Exercise directions: Output exactly the lines from the first line of the records below through the line containing "района в Facebook.", both included, leaving out any pictures.

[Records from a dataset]
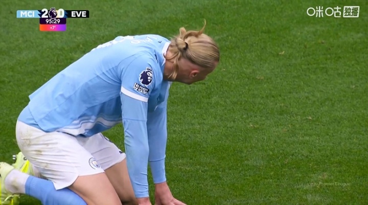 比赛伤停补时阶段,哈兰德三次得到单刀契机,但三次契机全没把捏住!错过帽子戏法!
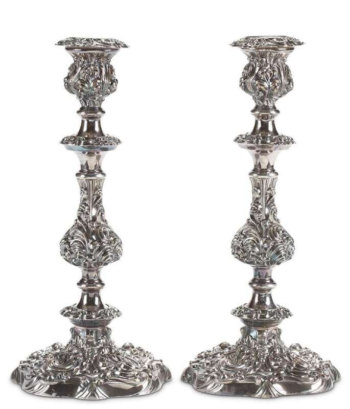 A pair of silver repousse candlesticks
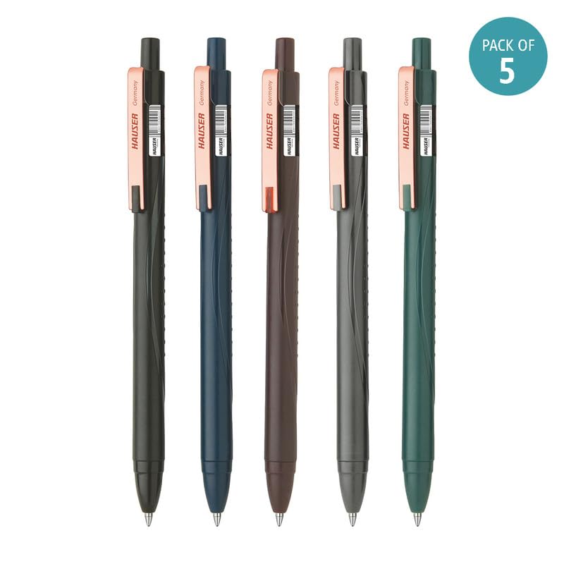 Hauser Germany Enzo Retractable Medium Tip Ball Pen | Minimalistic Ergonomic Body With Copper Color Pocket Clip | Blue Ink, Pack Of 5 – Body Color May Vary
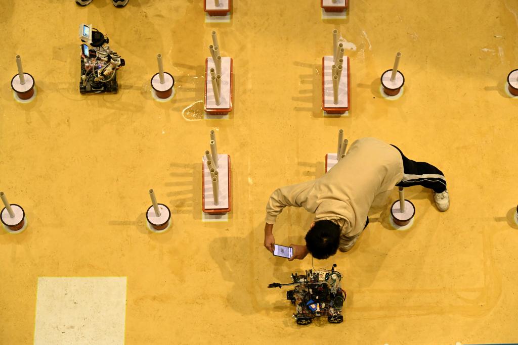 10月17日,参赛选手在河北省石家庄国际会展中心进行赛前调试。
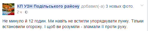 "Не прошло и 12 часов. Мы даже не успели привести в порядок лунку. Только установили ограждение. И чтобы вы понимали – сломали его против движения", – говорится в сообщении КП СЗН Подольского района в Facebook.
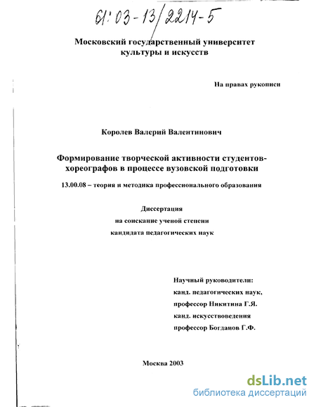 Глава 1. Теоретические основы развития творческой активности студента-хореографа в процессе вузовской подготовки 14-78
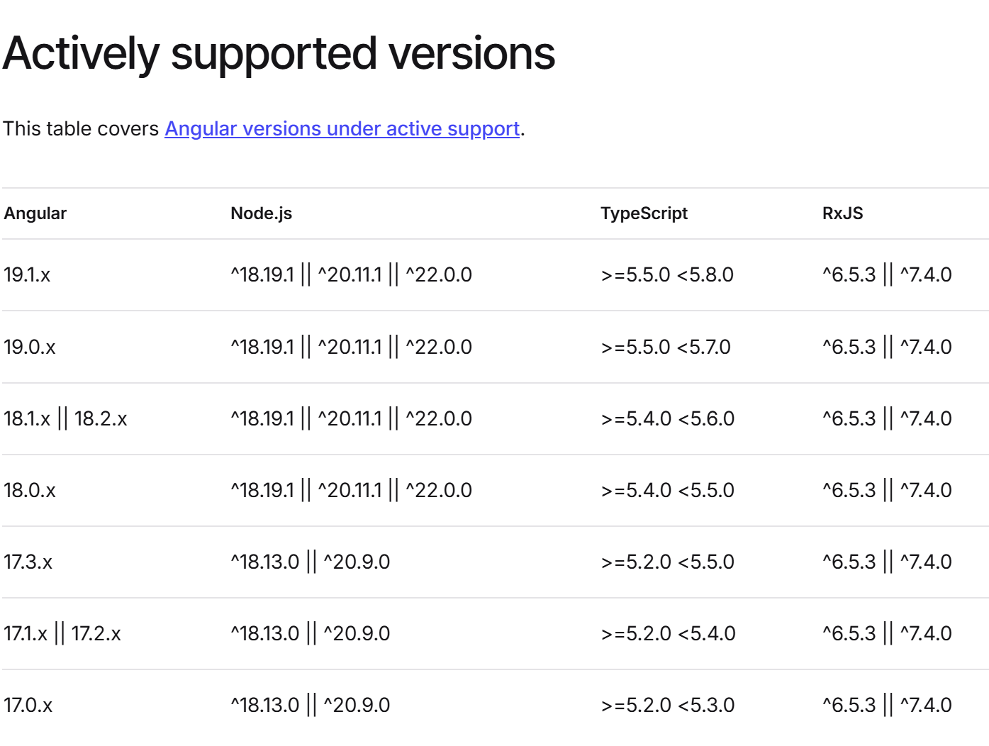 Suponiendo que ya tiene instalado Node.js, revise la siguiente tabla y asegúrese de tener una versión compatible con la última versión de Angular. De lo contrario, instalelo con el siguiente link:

Exercise answer:
 比赛伤停补时阶段,哈兰德三次得到单刀契机,但三次契机全没把捏住!错过帽子戏法!
 A pair of silver repousse candlesticks
 Hauser Germany Enzo Retractable Medium Tip Ball Pen | Minimalistic Ergonomic Body With Copper Color Pocket Clip | Blue Ink, Pack Of 5 – Body Color May Vary
 10月17日,参赛选手在河北省石家庄国际会展中心进行赛前调试。
 "Не прошло и 12 часов. Мы даже не успели привести в порядок лунку. Только установили ограждение. И чтобы вы понимали – сломали его против движения", – говорится в сообщении КП СЗН Подольского района в Facebook.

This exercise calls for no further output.